### About this task
Please copy, exactly as written, the span from the first line below to the line that contains "3 Marsdenia caatingae APOCYNACEAE T. S. Silva", including both, and skip the pictures.

# # # # #

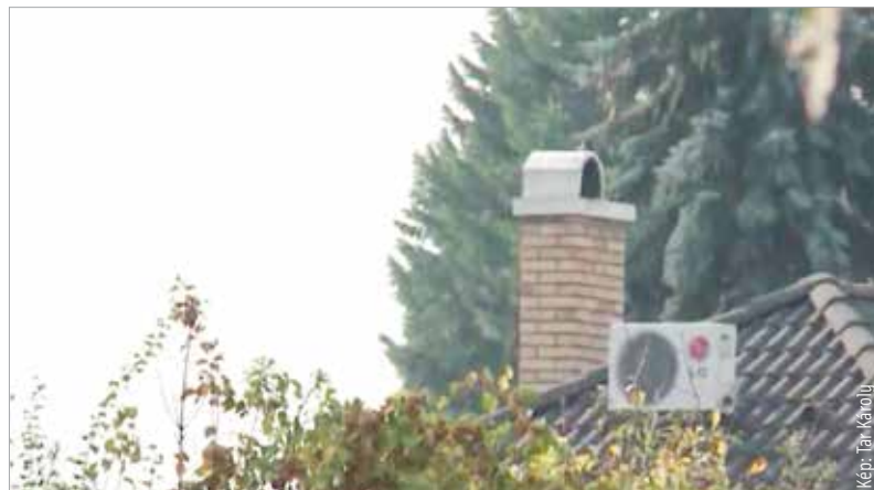
Családi házaknál egyeztetett időpontban ellenőrzik a kéményeket

Az egy lakásos lakóingatlanokban, vagyis a családi házakban nem kötelező a rendszeres kéményseprés, azonban gázfűtésnél két évente, szilárd tüzelésnél évente, megrendelés alapján, térítésmentesen történik a munka egy előre egyeztetett időpontban. A társasházakban sormunka alapján dolgoznak a szakemberek – itt kötelezően el kell végeztetni a kémények ellenőrzését, tisztítását. Ennek 2023-as ütemterve már elérhető a városi honlapon is. A vonatkozó törvény szerint kéménytűz, illetve szén-monoxid-szivárgás esetén a tulajdonosnak azonnal szüneteltetnie kell a tüzelőberendezés és az égéstermék-elvezető üzemeltetését.
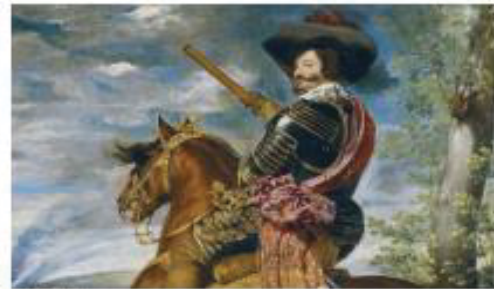
Pie de imagen

La política exterior del Conde-Duque tuvo repercusiones negativas en el ámbito nacional. Los reinos de la Corona de Aragón se rebelaron cuando se les reclamó una aportación para financiar las campañas europeas; en 1640, el Principado de Cataluña (los soldados congregados en Barcelona con motivo de la procesión del Corpus Christi se suble-
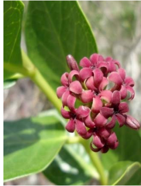
3 Marsdenia caatingae APOCYNACEAE T. S. Silva
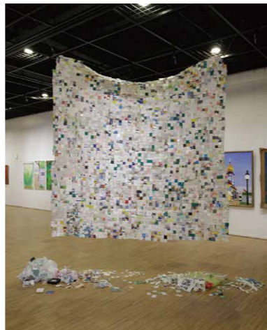
▲ 兵庫県教育委員会賞 nagata yura cleaning(インスタレーション/2700x2700mm)
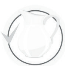
ПЕЙТЕ БОЛЬШЕ ЖИДКОСТИ

# # # # #

### Response
Családi házaknál egyeztetett időpontban ellenőrzik a kéményeket

Az egy lakásos lakóingatlanokban, vagyis a családi házakban nem kötelező a rendszeres kéményseprés, azonban gázfűtésnél két évente, szilárd tüzelésnél évente, megrendelés alapján, térítésmentesen történik a munka egy előre egyeztetett időpontban. A társasházakban sormunka alapján dolgoznak a szakemberek – itt kötelezően el kell végeztetni a kémények ellenőrzését, tisztítását. Ennek 2023-as ütemterve már elérhető a városi honlapon is. A vonatkozó törvény szerint kéménytűz, illetve szén-monoxid-szivárgás esetén a tulajdonosnak azonnal szüneteltetnie kell a tüzelőberendezés és az égéstermék-elvezető üzemeltetését.
Pie de imagen

La política exterior del Conde-Duque tuvo repercusiones negativas en el ámbito nacional. Los reinos de la Corona de Aragón se rebelaron cuando se les reclamó una aportación para financiar las campañas europeas; en 1640, el Principado de Cataluña (los soldados congregados en Barcelona con motivo de la procesión del Corpus Christi se suble-
3 Marsdenia caatingae APOCYNACEAE T. S. Silva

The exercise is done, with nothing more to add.